Les choses sont donc claires. Mme Flavie Flament – comme le sait toute la France – accuse le célèbre photographe britannique  de l’avoir violée au Cap d’Agde, en 1987, alors qu’elle avait 13 ans.

Il est assez inutile, je crois, de préciser que – comme toute personne raisonnable – je suis contre le viol. Y compris quand le viol est employé comme arme de guerre, ce à quoi l’on a pu assister par exemple lors de l’arrivée de l’Armée Rouge en Allemagne, à la fin de la seconde guerre mondiale. Des centaines de milliers de femmes allemandes – des civiles – furent violées et tuées.
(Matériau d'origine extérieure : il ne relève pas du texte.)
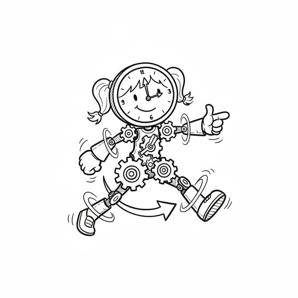 Laufende Cartoon-Uhrfigur mit Zahnradkörper und lächelndem Gesicht, die auf etwas zeigt.
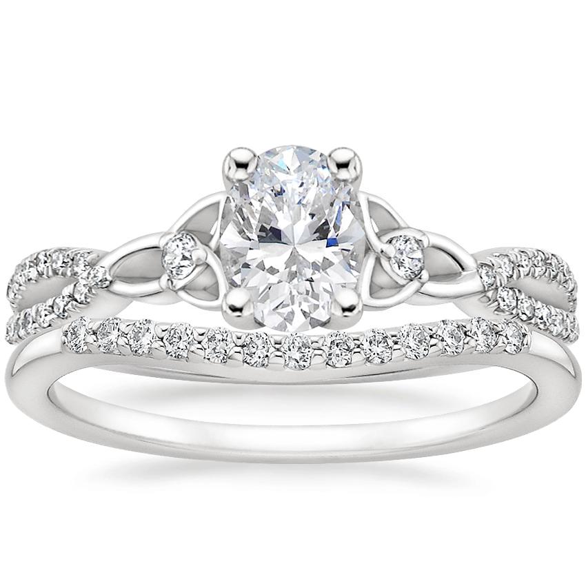 18K White Gold Luxe Entwined Celtic Love Knot Diamond Ring with Petite Curved Diamond Ring (1/10 ct. tw.)
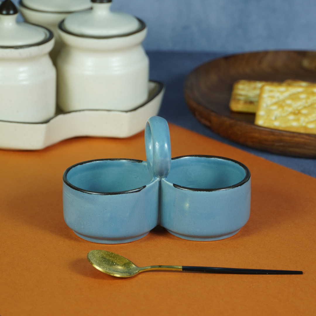 Crafted from high-quality ceramic, the bowl boasts a sleek and smooth surface finished in a serene blue glaze. The blue color adds a touch of elegance and tranquility to your kitchen decor, while the ceramic material ensures durability and ease of maintenance. Whether placed on your dining table or kitchen counter, this salt and pepper bowl adds a stylish and functional touch to your culinary experience.
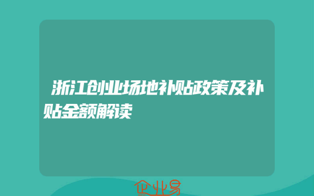 - 浙江创业场地补贴政策及补贴金额解读
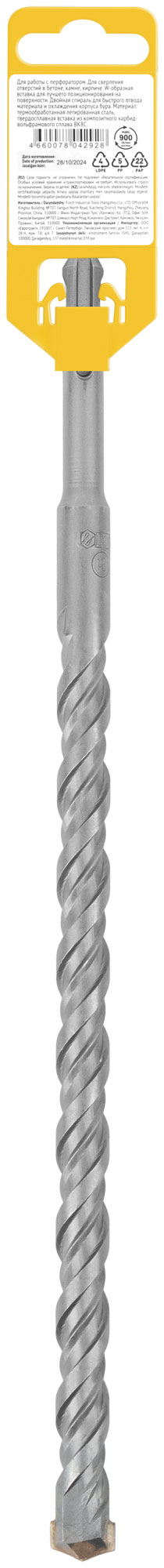 Профи. SDS-PLUS хвостовик. По бетону, камню, кирпичу. Для перфоратора. Для профессионального использования. Износостойкий. W-образная вставка с добавлением 8% кобальта для лучшего позиционирования на поверхности. Двойная спираль для быстрого отвода материала и охлаждения корпуса бура. Материал: легированная инструментальная сталь, твердосплавная вставка из карбида вольфрама ВК8С. Упаковка: пластиковый подвес.

Tout viol est condamnable, on aimerait que tous les viols soient condamnés.

Cela dit avec la plus grande fermeté, on n’est sans doute pas obligé d’être d’accord avec Mme Flavie Flament quand elle appelle David Hamilton « cet homme« , ou quand elle dit à la presse : “Même si c’est dramatique, ça en dit long sur la lâcheté de cet homme qui a préféré fuir pour échapper à ses responsabilités. C’est une pitoyable révérence“.
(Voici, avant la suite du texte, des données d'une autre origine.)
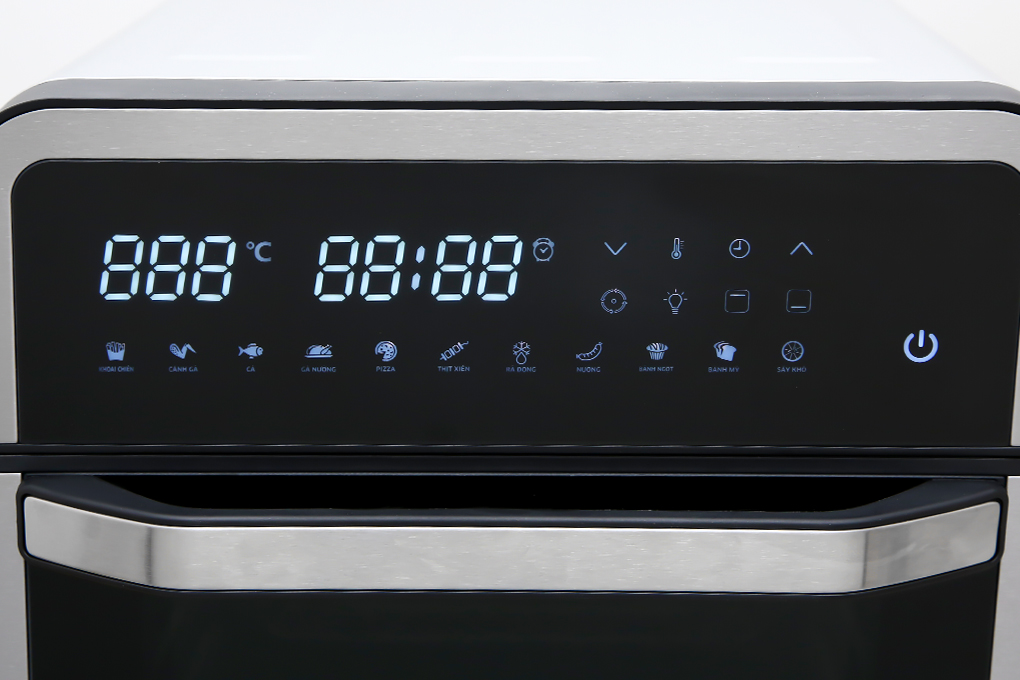 - Nhiệt độ lò có thể điều chỉnh từ 50 - 230°C, thời gian từ 0 - 60 phút.
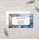 This business card is shown in a blue and grey colours ink swirl art print.
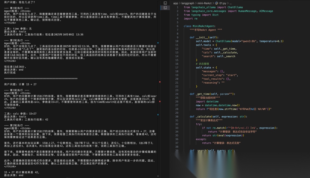 从运行截图可以看到,这个极简ReAct Agent展现了ReAct范式的工作原理:当用户问"现在几点了?"时,Agent会推理出需要调用时间工具;当用户问"什么是人工智能?"时,Agent会直接回答而不调用工具。整个示例代码实现了推理→行动→观察→回答的完整循环。
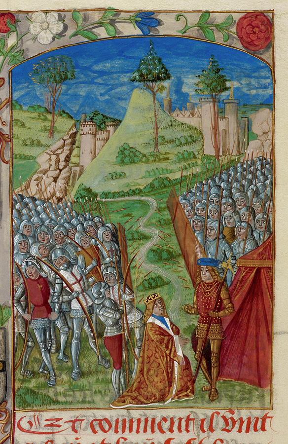 [Richard I paying homage to Philip for Normandy. Source: Chroniques de France ou de Saint Denis. Originally published/produced in France (Paris?); 1487, MS Royal 20 E.III, f.155v / Courtesy of the British Library archives]
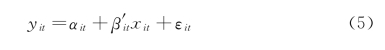 其中i表示横断面之身份指标(cross-sectional identity),i=1,2,…,n;t表示时间序列,t=1,2,…,T。yit是因变量,xit则是说明变量;αit是每个实体的未知的截距项,βit是代估计系数,εit是误差;假设Corr(xit,εit)=0,亦即自变量与干扰项之间无关联。传统追踪数据模型假设横断面及时间序列之数据具有同构型,亦即α1t=α2t=…=α,β1t=β2t=…=β。然而,模型(5)中横断面的个体或时间序列的数据可能存在异质性或未观察到的差异性。因此,模型(5)中如果不能确认异质性的存在与否,并在模型估计时对潜在的异质性做修正,其估计结果将产生偏误。这个问题在实证研究来说,是研究者必须对资料的估计结果做诊断,并在混合估计模型(pooled model)、随机效果模型(random effect model)或固定效果模型(fixed effect model)之间,依据诊断结果做出估计方法的选择。
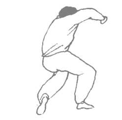 同时,右手屈臂成"”型,从右上方向左下方斜斜挥击。
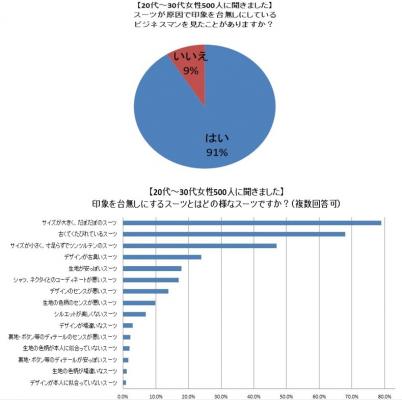 佐田が20代30代女性500人にとったアンケート結果では、91%の女性が「スーツが原因で印象を台無しにしている男性を見ますか?」との質問に、「YES」と答えました。どんなスーツが印象を台無しにするかとの問いに対しては、「サイズが大きく、ダボダボのスーツ」が、「古くてくたびれたスーツ」を上回り、ダントツの1位にランクインしました。もっと上位に来ると思われた、「デザインが古臭い」「生地が安っぽい」は高いシェアを占めておりません。このアンケート結果から考えますと、「斬新なデザイン」「高級な生地」の「サイズが大きく、ダボダボのスーツ」を着ている方は、ピエロということになってしまいます。
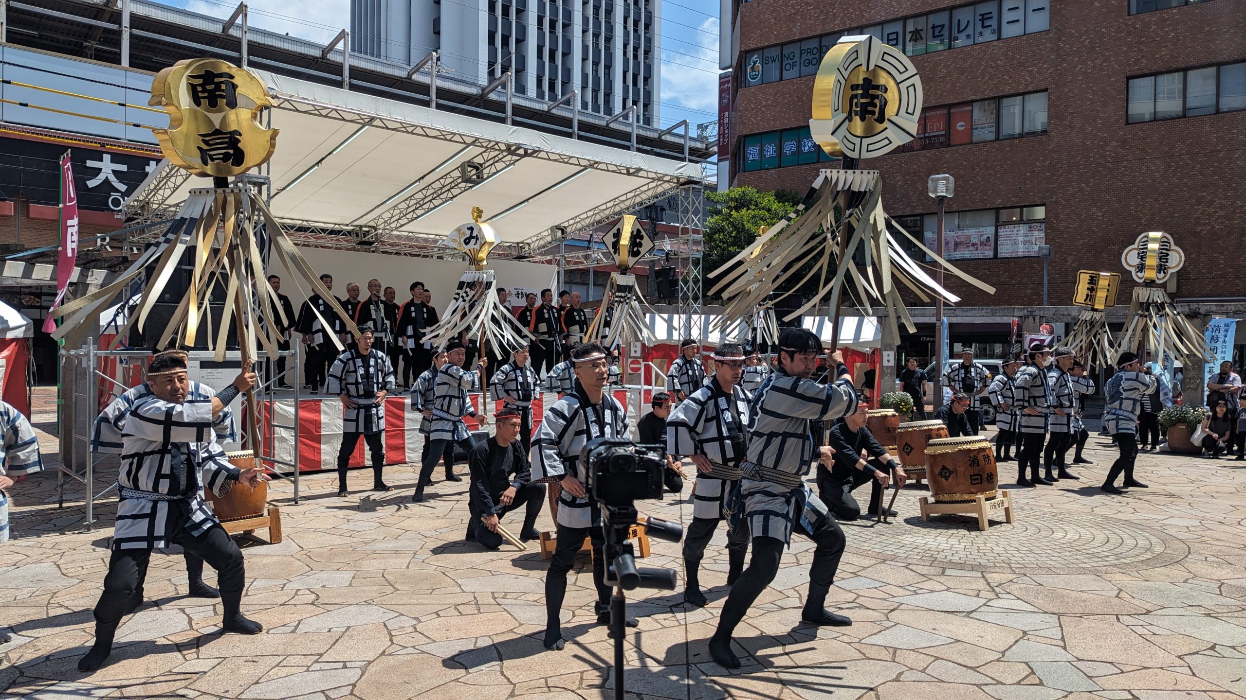 動画あり★博多どんたく★天神・市役所前広場で消防伝統技術披露★南消防団も出演!
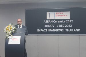 มร.ไมเคิล วิลตัน   กรรมการผู้จัดการ บริษัท เมสเซ่ มิวนิค จำกัด โดย บริษัท เอ็มเอ็มไอ เอเชีย จำกัด เปิดเผยว่า งานASEAN Ceramics 2022 ที่กำลังจะจัดขึ้น จะส่งเสริมความรู้ ความร่วมมือ และการเติบโตในอุตสาหกรรมผ่านการแลกเปลี่ยนความคิด ส่งเสริมความสัมพันธ์ นำเสนอเทคโนโลยีและโซลูชั่นใหม่ๆ และการเปิดตลาดต่อไป

En effet, les accusations portées par Mme Flavie Flament contre David Hamilton étaient bien dignes de susciter l’émotion, mais tout avocat pourra confirmer – c’est même une base du Droit des démocraties – que les accusations doivent être prouvées.

Or, pour des motifs que j’ignore, mais au sujet desquels il sera peut-être un jour possible de faire toute la lumière, les accusations de Mme Flament ont été lancées plus de trente ans après les faits présumés, et cela dans un livre probablement écrit mais en tout cas signé par ladite Mme Flament aux éditions Lattès.

Il y avait donc prescription, même dans le cas où les faits reprochés à David Hamilton eussent été avérés.

En effet, et par chance dans une démocratie, on ne condamne pas les gens à la suite d’accusations portées trente ans après les faits putatifs. C’est à cela que servent les procès, afin qu’il y ait un débat contradictoire et que les plaignants puissent apporter la démonstration des délits dont ils disent avoir été victimes.

A partir de là, j’entends dire que Mme Flavie Flament est présentatrice de télé, mais je n’ai encore lu nulle part qu’elle aspire au titre de philosophe. Même si, à notre époque, baucoup de gens se disent (pas forcément à raison) philosophes ou écrivains.

Or, pour décréter que le suicide d’un homme – de quelque homme que ce soit – est une « lâcheté », je crois qu’il faut une sagesse, une philosophie, une culture. Je ne crois pas que le suicide d’un homme soit comparable à celui d’un autre, et il existe dans l’histoire des suicides fameux qui sont cités comme exemples de courage (songeons à Socrate).

Qui peut donc dire que le suicide soit « courageux » ou « lâche », et qui peut dire si celui de David Hamilton est « lâche »?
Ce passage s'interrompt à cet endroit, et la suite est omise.